| What is being asked |
Return the whole listing exactly, omitting the pictures.

| Supplied data |
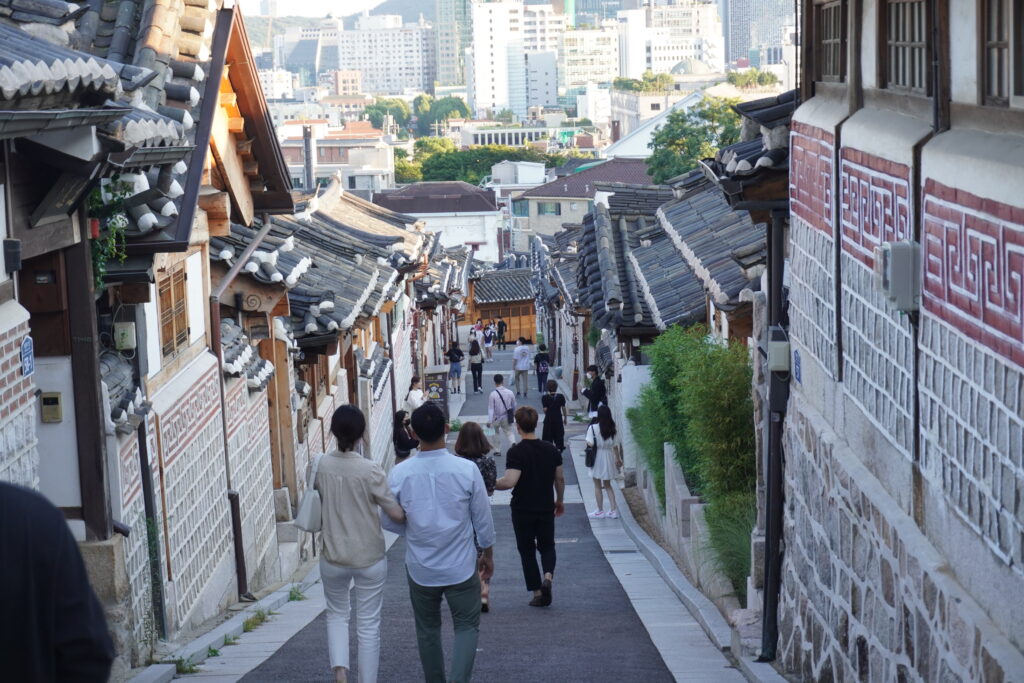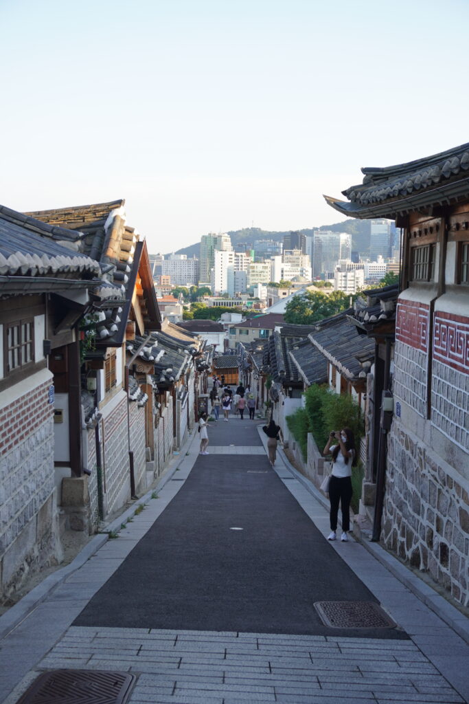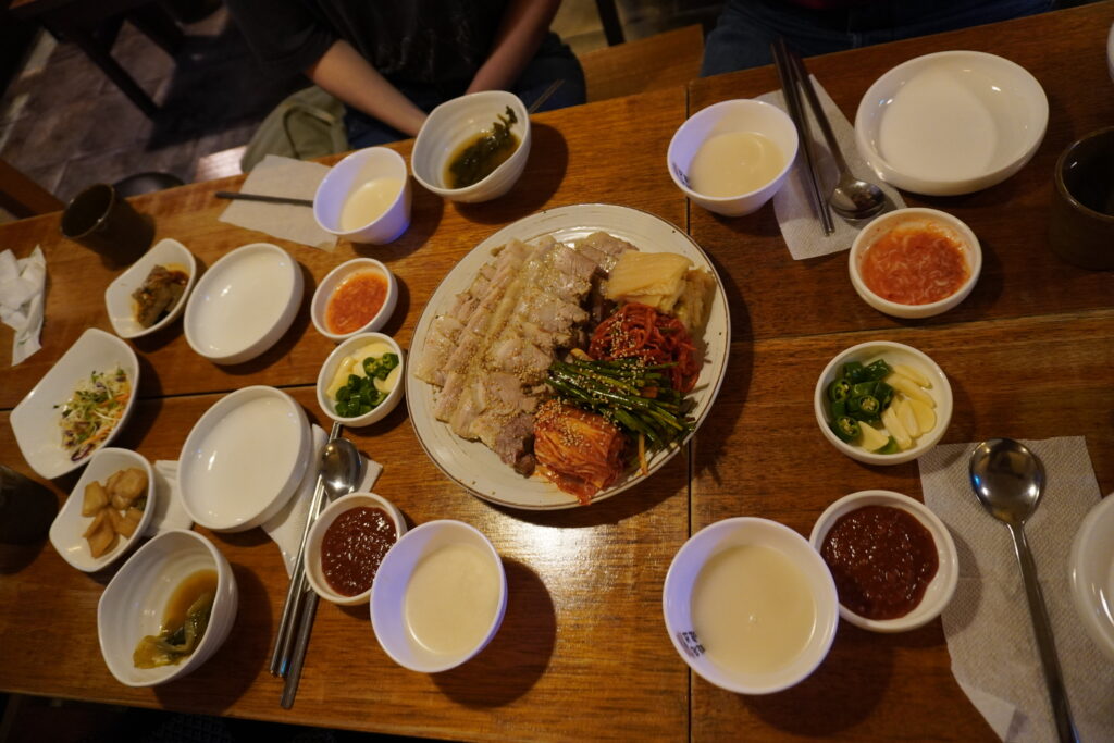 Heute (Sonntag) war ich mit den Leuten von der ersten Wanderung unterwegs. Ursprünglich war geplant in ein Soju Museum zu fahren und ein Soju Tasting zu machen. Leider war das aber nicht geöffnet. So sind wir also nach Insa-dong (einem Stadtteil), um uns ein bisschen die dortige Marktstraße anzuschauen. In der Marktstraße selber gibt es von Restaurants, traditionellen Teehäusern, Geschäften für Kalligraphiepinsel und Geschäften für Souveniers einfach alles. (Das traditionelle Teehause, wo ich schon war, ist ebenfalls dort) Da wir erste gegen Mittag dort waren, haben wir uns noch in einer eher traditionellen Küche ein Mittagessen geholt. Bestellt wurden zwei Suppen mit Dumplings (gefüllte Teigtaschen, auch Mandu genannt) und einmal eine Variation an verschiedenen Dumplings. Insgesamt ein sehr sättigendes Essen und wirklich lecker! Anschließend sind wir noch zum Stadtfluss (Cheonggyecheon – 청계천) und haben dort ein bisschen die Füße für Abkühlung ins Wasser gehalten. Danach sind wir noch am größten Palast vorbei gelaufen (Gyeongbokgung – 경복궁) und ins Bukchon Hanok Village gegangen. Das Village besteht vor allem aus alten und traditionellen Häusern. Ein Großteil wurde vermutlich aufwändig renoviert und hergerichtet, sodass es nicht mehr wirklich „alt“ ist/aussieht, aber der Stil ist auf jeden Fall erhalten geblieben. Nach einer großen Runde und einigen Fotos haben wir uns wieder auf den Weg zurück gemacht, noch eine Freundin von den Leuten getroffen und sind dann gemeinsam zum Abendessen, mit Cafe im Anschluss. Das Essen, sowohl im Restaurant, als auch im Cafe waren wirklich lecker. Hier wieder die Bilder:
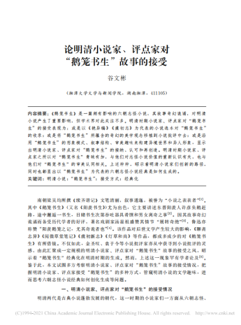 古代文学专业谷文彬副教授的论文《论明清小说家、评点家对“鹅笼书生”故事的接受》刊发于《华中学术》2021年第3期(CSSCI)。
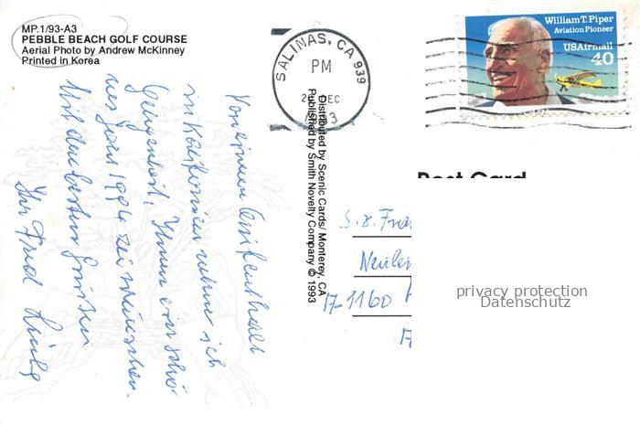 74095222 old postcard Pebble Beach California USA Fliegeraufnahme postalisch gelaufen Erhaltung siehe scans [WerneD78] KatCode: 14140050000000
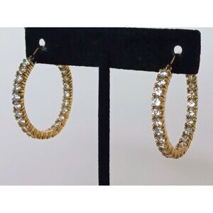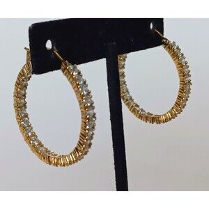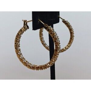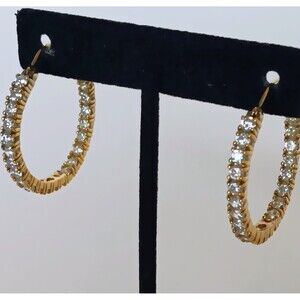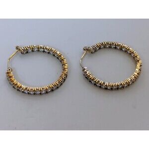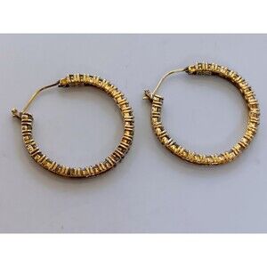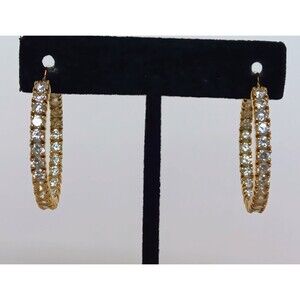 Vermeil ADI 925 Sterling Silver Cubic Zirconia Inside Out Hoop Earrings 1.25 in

| Exercise solution |
 Heute (Sonntag) war ich mit den Leuten von der ersten Wanderung unterwegs. Ursprünglich war geplant in ein Soju Museum zu fahren und ein Soju Tasting zu machen. Leider war das aber nicht geöffnet. So sind wir also nach Insa-dong (einem Stadtteil), um uns ein bisschen die dortige Marktstraße anzuschauen. In der Marktstraße selber gibt es von Restaurants, traditionellen Teehäusern, Geschäften für Kalligraphiepinsel und Geschäften für Souveniers einfach alles. (Das traditionelle Teehause, wo ich schon war, ist ebenfalls dort) Da wir erste gegen Mittag dort waren, haben wir uns noch in einer eher traditionellen Küche ein Mittagessen geholt. Bestellt wurden zwei Suppen mit Dumplings (gefüllte Teigtaschen, auch Mandu genannt) und einmal eine Variation an verschiedenen Dumplings. Insgesamt ein sehr sättigendes Essen und wirklich lecker! Anschließend sind wir noch zum Stadtfluss (Cheonggyecheon – 청계천) und haben dort ein bisschen die Füße für Abkühlung ins Wasser gehalten. Danach sind wir noch am größten Palast vorbei gelaufen (Gyeongbokgung – 경복궁) und ins Bukchon Hanok Village gegangen. Das Village besteht vor allem aus alten und traditionellen Häusern. Ein Großteil wurde vermutlich aufwändig renoviert und hergerichtet, sodass es nicht mehr wirklich „alt“ ist/aussieht, aber der Stil ist auf jeden Fall erhalten geblieben. Nach einer großen Runde und einigen Fotos haben wir uns wieder auf den Weg zurück gemacht, noch eine Freundin von den Leuten getroffen und sind dann gemeinsam zum Abendessen, mit Cafe im Anschluss. Das Essen, sowohl im Restaurant, als auch im Cafe waren wirklich lecker. Hier wieder die Bilder:
 古代文学专业谷文彬副教授的论文《论明清小说家、评点家对“鹅笼书生”故事的接受》刊发于《华中学术》2021年第3期(CSSCI)。
 74095222 old postcard Pebble Beach California USA Fliegeraufnahme postalisch gelaufen Erhaltung siehe scans [WerneD78] KatCode: 14140050000000
 Vermeil ADI 925 Sterling Silver Cubic Zirconia Inside Out Hoop Earrings 1.25 in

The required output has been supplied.